(TASK PROMPT): Give back every line of the data exactly. Pictures are not part of the copy.

RECORDED INFORMATION Block Start

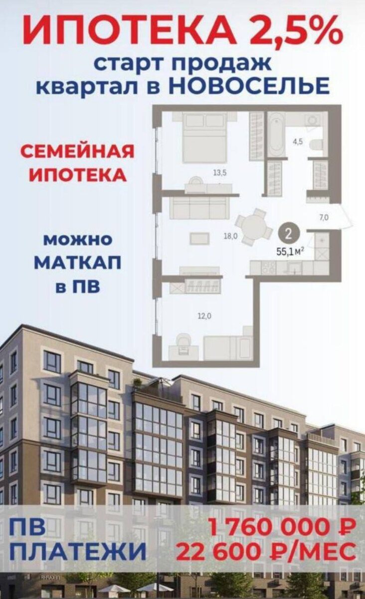Всем привет👋 Делюсь отличной новостью🔥 Новый в Санкт-Петербурге застройщик предлагает самые лучшие ставки по ипотеке в этом году. Если коротко: - ставка 2,5% на весь срок (семейная ипотека) - подходит под любую квартиру - можно использовать материнский капитал в качестве Первоначального взноса В картинках примеры планировок и расчёт ежемесячных платежей Сколько будет действовать предложение - не известно. Успевайте зафиксировать ставку, лучше пока что нет. По всем вопросам: +79667578789 Михаил
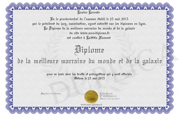 Envoyez par email votre Diplôme de la meilleure marraine du monde et de la galaxie personalisé
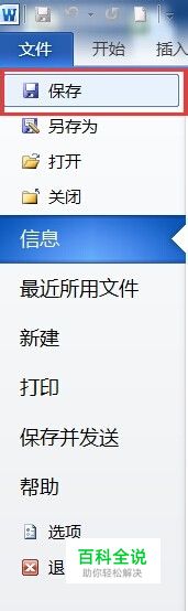 【文件】选项卡包括【保存】、【另存为】、【打开】、【关闭】、【信息】、【最近所用文件】、【新建】、【打印】、【保存发送】、【帮助】、【选项】、【退出】十二种命令。当点击【文件时】首先看到的是【信息】选项卡,因为他是蓝色,并且处于打一状态。
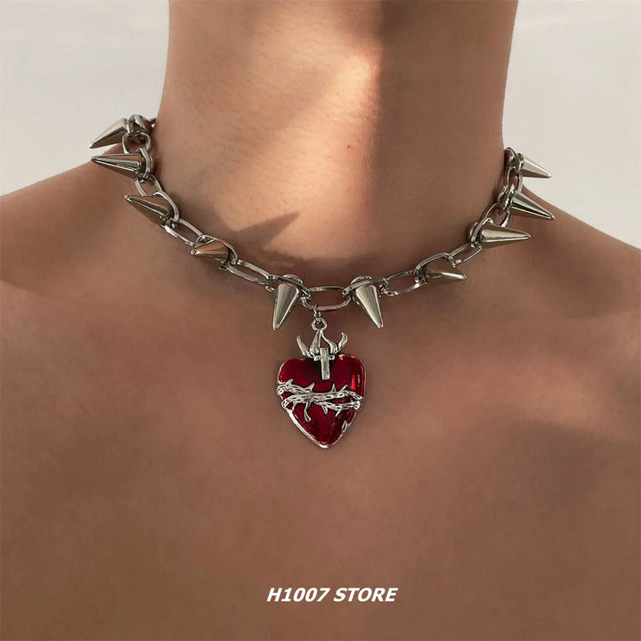 Nieten Herz Anhänger Choker Halskette

RECORDED INFORMATION Block End

(SOLUTION TO THIS EXERCISE):
Всем привет👋 Делюсь отличной новостью🔥 Новый в Санкт-Петербурге застройщик предлагает самые лучшие ставки по ипотеке в этом году. Если коротко: - ставка 2,5% на весь срок (семейная ипотека) - подходит под любую квартиру - можно использовать материнский капитал в качестве Первоначального взноса В картинках примеры планировок и расчёт ежемесячных платежей Сколько будет действовать предложение - не известно. Успевайте зафиксировать ставку, лучше пока что нет. По всем вопросам: +79667578789 Михаил
 Envoyez par email votre Diplôme de la meilleure marraine du monde et de la galaxie personalisé
 【文件】选项卡包括【保存】、【另存为】、【打开】、【关闭】、【信息】、【最近所用文件】、【新建】、【打印】、【保存发送】、【帮助】、【选项】、【退出】十二种命令。当点击【文件时】首先看到的是【信息】选项卡,因为他是蓝色,并且处于打一状态。
 Nieten Herz Anhänger Choker Halskette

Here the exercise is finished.